Saturday, March 3, 2012

Sherman Jackson and "Black Religion"




Surely one of the most interesting figures to emerge from the American Muslim community in the latter half of the 20th century is Sherman Jackson, an African-American intellectual of considerable depth, breadth, and moral passion. Jackson's work is rife with provocative arguments and stimulating ideas and deserves to be placed front and center in any consideration of what it means to be Muslim and American in the 21st century.

As an African-American thinker, Jackson is preoccupied with questions of race, and such questions have drawn him into the penumbral area of ontology with predictably unsatisfactory results: in his book Islam and the Blackamerican (Oxford, 2005), for instance, he argues against the notion of "ontological blackness" as a biological category (p. 13) only to affirm it on the next page as a sociohistorical one (p. 14). As I have argued repeatedly in this blog, ontology is a problematic "science" at best, but I do not think that Jackson's apparent muddle in this instance is fatal to his analysis. Moreover, if by "ontology" Jackson actually intends something other than metaphysics, his thinking on this issue may not be muddled at all--but, to this reader anyway, his intention in using the term is unclear.
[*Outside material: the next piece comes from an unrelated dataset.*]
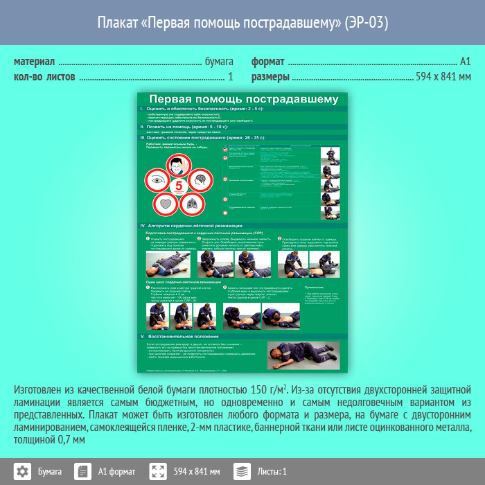 Плакат «Первая помощь пострадавшему» (ЭР-03, бумага, А1, 1 лист) в Омске купить

Jackson's identification of "Black Religion" [BR] is most intriguing. Not to be confused with "African-American religion" as a whole, he stipulates that BR is best understood as a "subset of the aggregate of black religious expression in America" (Jackson, 2005: 29). It is a distinctive "religious orientation among Blackamericans ... the central preoccupation of [which] is the desire to annihilate or at least subvert white supremacy and anti-black racism" (ibid).

He then argues that

Black Religion has no theology and no orthodoxy; it has no institutionalized ecclesiastical order and no public or private liturgy. It has no foundation documents or scriptures, like the Baghavad Ghita [sic] or the Bible, and no founding figures, like Buddha or Zoroaster (ibid, 31).

Instead, BR is closer to "deism" or the "natural religion of Blackamericans, a spontaneous folk orientation at once grounded in the belief in a supernatural power outside of human history and yet uniquely focused on that power's manifesting itself in the form of interventions into the crucible of American race relations" (ibid, 31-32).

Here, I think, Jackson has allowed himself to be seduced by a myth of primordial primitivism that unnecessarily deprives his conception of the richness that admitting its connections to the utopian impetus of Near Eastern prophecy would otherwise provide. I am unsure why he would embrace such a myth, although I suspect that he is attempting to create a space for Blackamerican Islam in a playing-field that has been dominated (historically) by the Black Church. Personally, I think the victory here, if there is one, is Pyrrhic, but I have no real stake in the outcome of such intra-communal sparring.

What I most appreciate about Jackson's delineation of BR's "constitution" is this litany: "subversion, resistance, protest, opposition" (ibid, 32). These nouns reveal BR's methodological kinship with Etienne de la Boetie's anarcho-humanism and, likewise, Leo Tolstoy's--suggesting that BR, like Tolstoyanism, represents a prophetic attitude or "attunement" that serves as a foundation for the personal appropriation (see Jackson's interesting discussion of this term and its relationship to religious conversion, ibid, 28-29) of existing religious traditions.